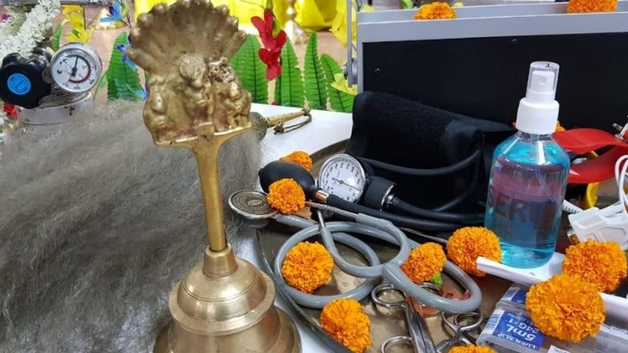 পুজোর ডালায় সাজানো রয়েছে ডাক্তারি সরঞ্জাম। হোম যজ্ঞ আয়োজন করা হয়েছে।বাগুইআটির বন্ধুমহল ক্লাবে পুজো পুজো ভাব। হোম যজ্ঞ পুরোহিতের মন্ত্র পাঠ। হাজির ক্লাবের মহিলা সদস্যরাও। দুর্গাপুজোর সঙ্গে সম্মান জানালো লেডি ডক্টর ঝুমা শিকদারকে। ক্লাব সম্পাদক পার্থ সরকার বললেন, “দশ হাতে সামলাচ্ছেন। পুজো করা হলো তাদের অস্ত্রশস্ত্র। মানে স্টেথোস্কোপ প্রেসার মাপার যন্ত্র সিরিঞ্জ ইত্যাদি।”
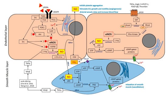 Targeted signalling pathway involved in endothelial cells (ECs) activation and vascular smooth muscle cells (VSMCs) proliferation and migration during intimal hyperplasia. The binding of vascular endothelial growth factor A (VEGFA) to its receptor VEGFR2 on ECs activates the PI3K pathway. Activated PDK1 phosphorylates Akt at Thr308 then phosphorylates eNOS at Ser1177 activating eNOS. VEGFA aslo activates the PLCγ pathway which increase Ca2+ concentration and activates eNOS via calmodulin (CaM). The binding of VEGFA also activates Src kinase which then activates eNOS through two mechanisms: (1) phosphorylation of Tyr83 on eNOS; (2) phosphorylation of heat shock protein 90 (HSP90) at Tyr300. Those phosphorylation causes the binding of HSP90 to eNOS and activates NO synthesis. Activated eNOS converts L-arginine in the presence of oxygen to L-citrulline and diffusible signalling molecule NO. NO secreted by ECs inhibits platelet aggregation to avoid thrombosis. NO diffuses into vessel walls, causing arterial vessels to relax and increase blood flow. The binding of agonist to G-protein–coupled receptors (GPCR) induces activation of Rho-kinase activity via GEF activation. The activity of RhoA is controlled by the guanine nucleotide exchange factors (GEFs) that catalyse the exchange of GDP for GTP. Rho-kinase activity is enhanced by binding to the active GTP-bound RhoA. However, this mechanism is negatively regulating eNOS activation for NO production. Diffused NO binds to its intracellular receptor soluble GC (sGC) which produces cGMP from GTP. The increase in intracellular cGMP concentration bind to cGMP-dependent protein kinases (PKGs) and cGMP-gated ion channels results the increase of Ca2+ and relaxation of smooth muscle.
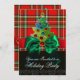 RED SCOTTISH TARTAN ,GREEN BOW AND CHRISTMAS TREE INVITATION
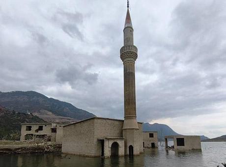 Anamur ilçesinde KKTC'ye içme ve kullanma suyu temini amacıyla Dragon Çayı üzerinde 2014'te inşa edilen Alaköprü Barajı nedeniyle tahliye edilen Akine Mahallesi, barajın su tutmaya başlamasıyla birlikte tamamen sular altında kaldı. Bir zamanlar evleri, sokakları, tarım alanları ve ibadet mekanlarıyla canlı bir yerleşim olan mahalleden bugün geriye, baraj gölünün ortasında yüksek yapılar kaldı. Bu yapılar arasında en dikkat çekeni ise Akine Mahallesi Camisi’nin minaresi oldu. Son yağışlardan sonra baraj gölünde su seviyesinin yükselmesiyle birlikte birçok ev yine suya gömüldü. Mahallenin eski sakinleri, bir zamanlar yaşadıkları evlere bakıp, anılarını tazelerken, mevsimsel su seviyesi değişimlerine bağlı olarak farklı görünümler sunan evler, Anamur’un simgelerinden biri oldu.
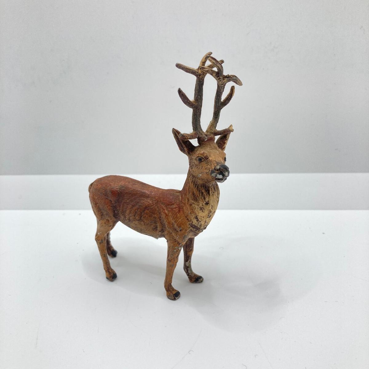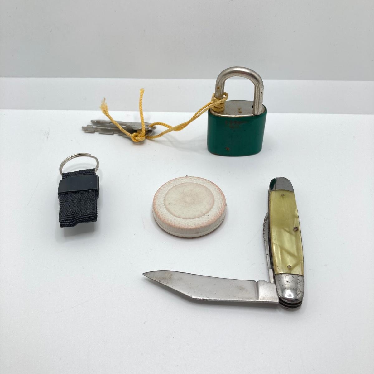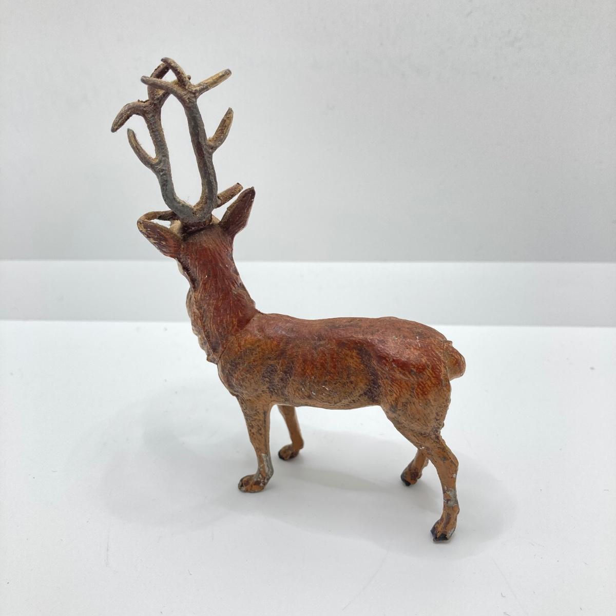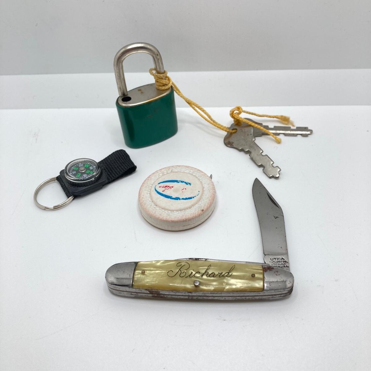 LOT 186: Vintage Sporting Goods Collection - Cast Iron Reindeer / Buck Figurine Made in Germany, Articulated Snake, Fishing Charts, Stanley Aladdin Thermos, Folding Pocket Knife and More
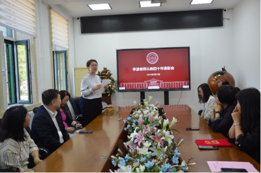 首先,经理刘雅文代表公司为李波教授宣读并颁发“执教40周年荣誉证书”,王娟副经理代表公司向李波教授献花,王志成副经理代表公司向李波教授发放慰问品,现场多次响起热烈掌声。
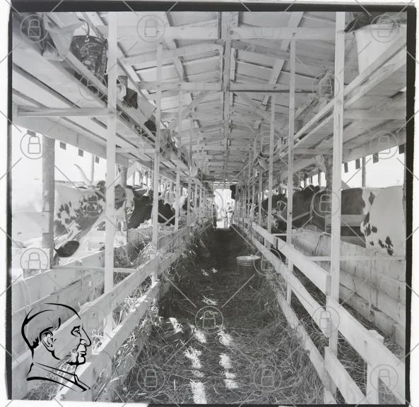 ko, ladugård, stall, halm, djur, jordbruk, svartvit, inomhus, foder, gård, lantbruk, utrymme, betesmark, mjölk, lantbrukare, traditionell, struktur, trä, tak, rader, djurhållning, landsbygd, miljö, skötsel, arbete, natur, produktion, ekonomi, landskap
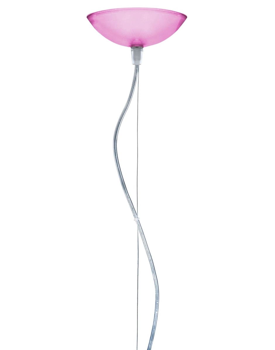 FL/Y is an essentially-styled suspension lamp. The particular transparency of the material and the sheen of the colours recreate the idea of a soap bubble, shimmering iridiscently in the light. The shade is not perfectly hemispherical, with the cut-off falling just below the level of the diameter, offering greater concentration of the light. The lamp is available in three different sizes: Fl/Y (diameter 52cm, shade depth 33cm), Small Fl/Y (diameter 38cm, shade depth 28cm) and Big Fl/Y (diameter 83cm, shade depth 55cm).
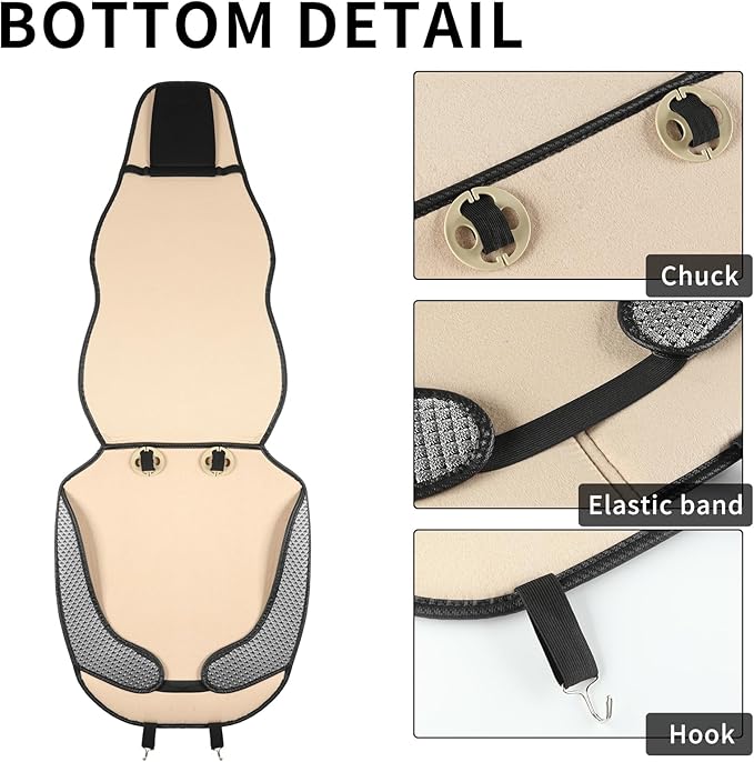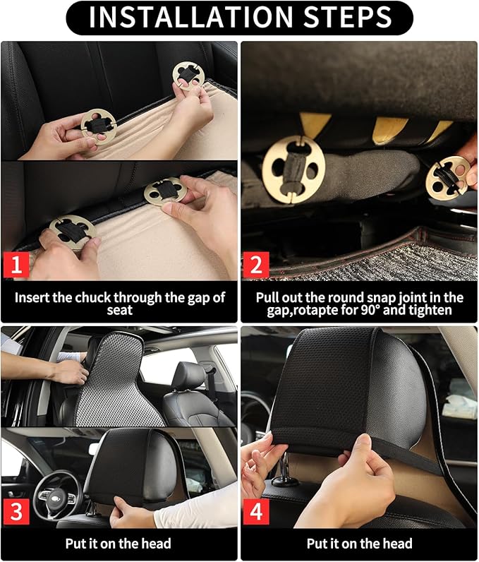 - 【Easy to install】 2 minutes after watching the video. The installation only needs 3 steps, just hang two metal hooks under the seat, clip the two chucks on the seat back, and fix the clips on the back cover and headrest cover.
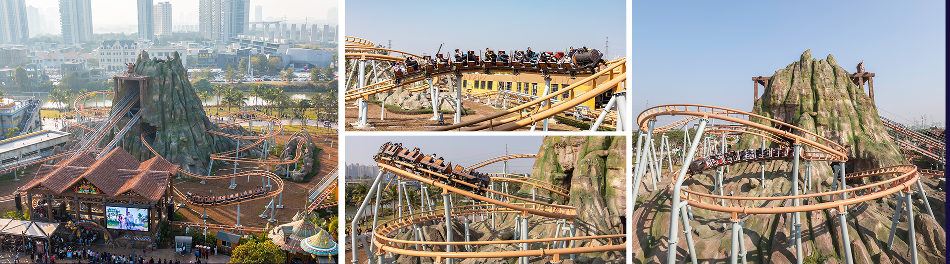 礦山車模仿古代礦山列車運(yùn)行模式,采用仿古式的火車造型,游客仿佛置身于礦山現(xiàn)場。全程路軌設(shè)有兩個提升段,配合先進(jìn)變軌技術(shù)、減震膠與柔和的永磁制動,為乘客乘坐帶來舒適靜謐的體驗(yàn)。同時獨(dú)特的壓腹式壓杠結(jié)構(gòu),確保包括?度1.1m以上兒童可被有效束縛,增大游客受眾范圍。
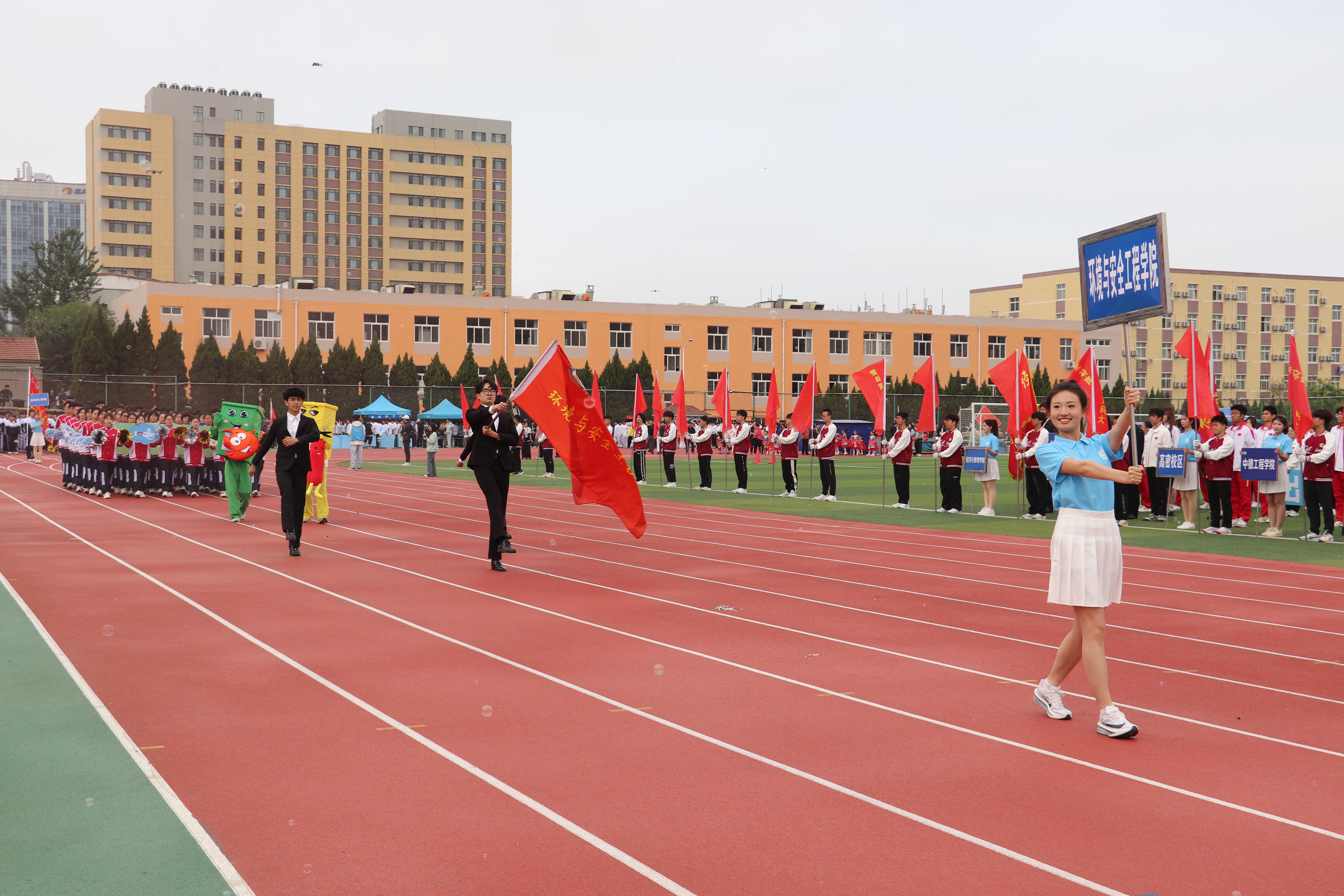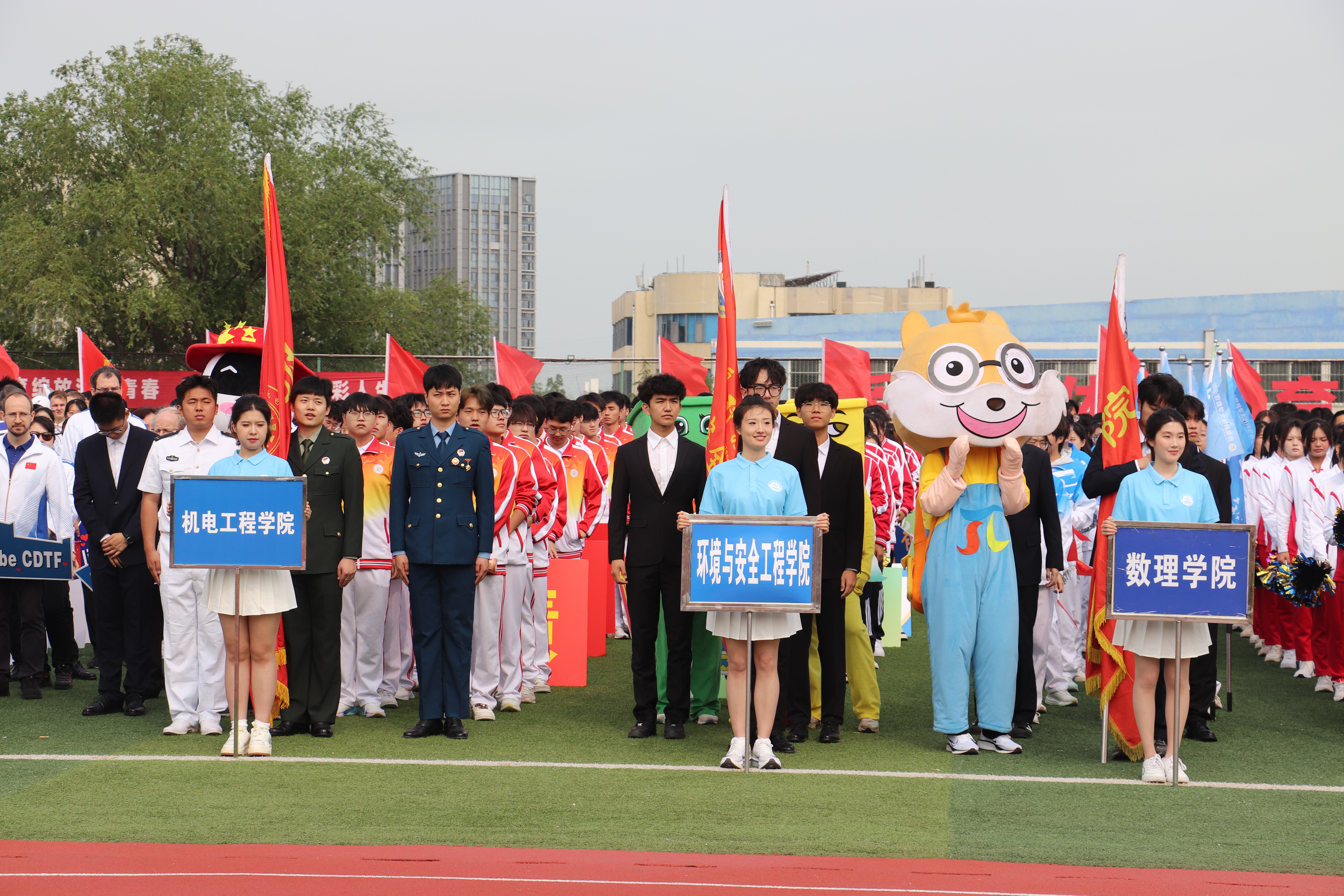 随着《运动员进行曲》的节拍,环境学院方队迈着整齐的步伐,喊着响亮的口号走向主席台。方队前列的垃圾分类主题玩偶,手持灭火器模型和 “火苗” 道具,俏皮的动态设计让垃圾分类 、安全等理念深入人心,展现出新时代环境学子的青春与风采。
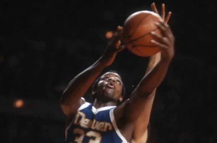 1978年4月丹佛掘金队的主场体育馆内气氛紧张而热烈。这是常规赛的最后一场比赛,掘金队正与底特律活塞队展开激战。
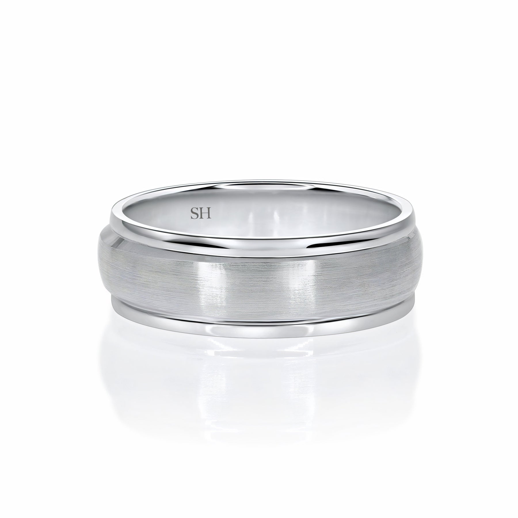 Men's White Gold Satin Finish Wedding Band With Half Round Profile (7mm) - W0500
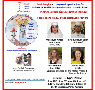 HONORING ASHO ZARATHUSHTRA WITH THE SPECIAL THEME OF CULTURE NATURE IN YOUR STATURE Focus: Yasna Ha 29 & OTHER ZARATHUSHTI PRAYERS Do Join
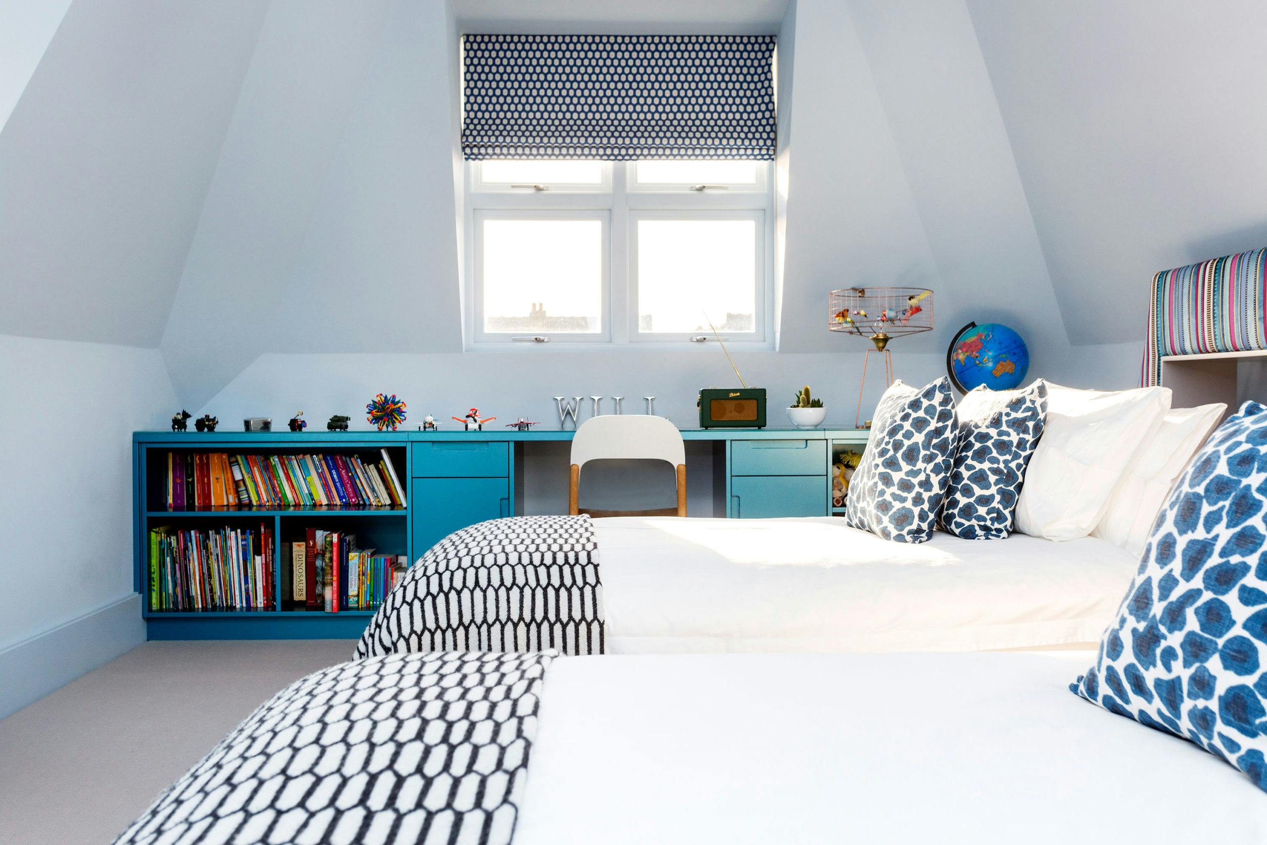 A vast skylight at the top of the stairs fills the upper floors with natural light, while the second floor extension allows for a beautiful master suite plus two quirky children’s bedrooms in the eaves.
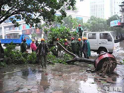今年第一号台风“珍珠”袭击汕头点击查看汕头及更多城市天气预报。图为被台风吹倒的大树。信息来源:插座网 http://www.chazuo.com.cn/
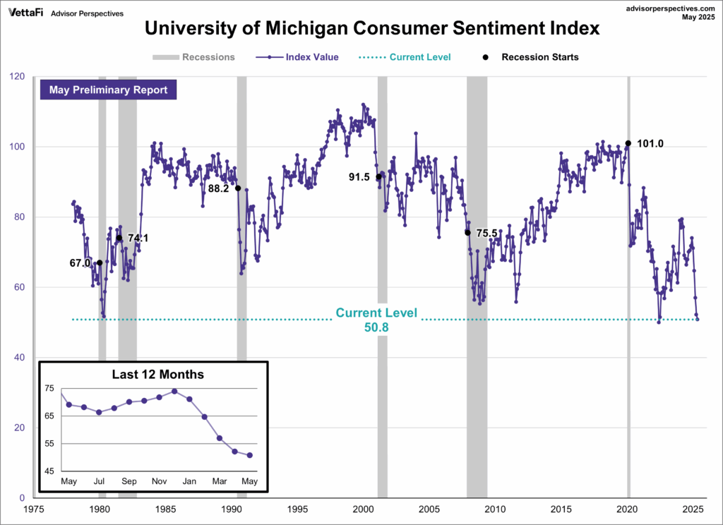 Last month, the long-standing US Michigan Consumer Sentiment Survey registered one of lowest values in years. The index was rising firmly until recently (Jan 25), when it plummeted from 70+ all the way to 50.8 (see below). Whenever the index is deteriorating this quickly, an economic slowdown is a firmly on the table. Who feels the economic chill first? Obviously, the masses.
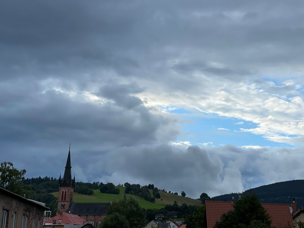 Aktuálně převažuje většinou skoro zataženo až oblačno a s mírnou až silnou dešťovou přeháňkou a fouká většinou slabý vítr
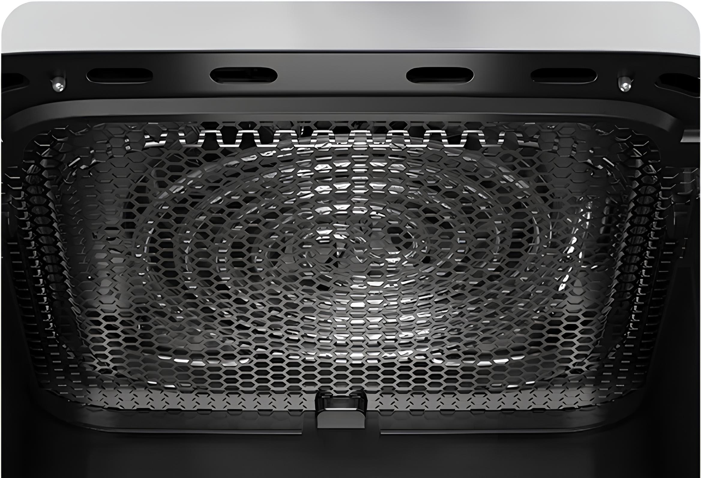 Благодаря увеличенному объему чаши в аэрогриле можно легко зажарить целую курицу. Модернизированный воздуховод улучшает циркуляцию воздуха и распределение воздушных потоков, направляя горячий воздух непосредственно в корзину для жарки, равномерно нагревая ее без необходимости переворачивания готовящегося блюда.
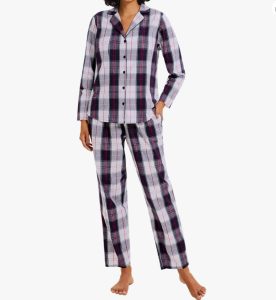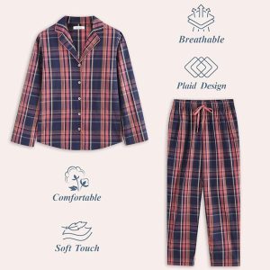 【折后$12.99 Prime包邮】女士100%纯棉轻薄格纹长袖长裤睡衣套装 多色选
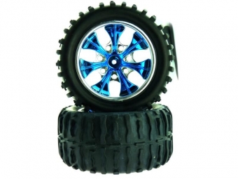 Колеса в сборе (шины 08009N + диск 08044PB голубой хром) для монстров Himoto масштаба 1/10, 2шт.

Activity – Reproduce the lines from the one holding "Aktuálně převažuje většinou" through the end of the entries above exactly, keeping both ends and dropping every picture.

Written response –
 Aktuálně převažuje většinou skoro zataženo až oblačno a s mírnou až silnou dešťovou přeháňkou a fouká většinou slabý vítr
 Благодаря увеличенному объему чаши в аэрогриле можно легко зажарить целую курицу. Модернизированный воздуховод улучшает циркуляцию воздуха и распределение воздушных потоков, направляя горячий воздух непосредственно в корзину для жарки, равномерно нагревая ее без необходимости переворачивания готовящегося блюда.
 【折后$12.99 Prime包邮】女士100%纯棉轻薄格纹长袖长裤睡衣套装 多色选
 Колеса в сборе (шины 08009N + диск 08044PB голубой хром) для монстров Himoto масштаба 1/10, 2шт.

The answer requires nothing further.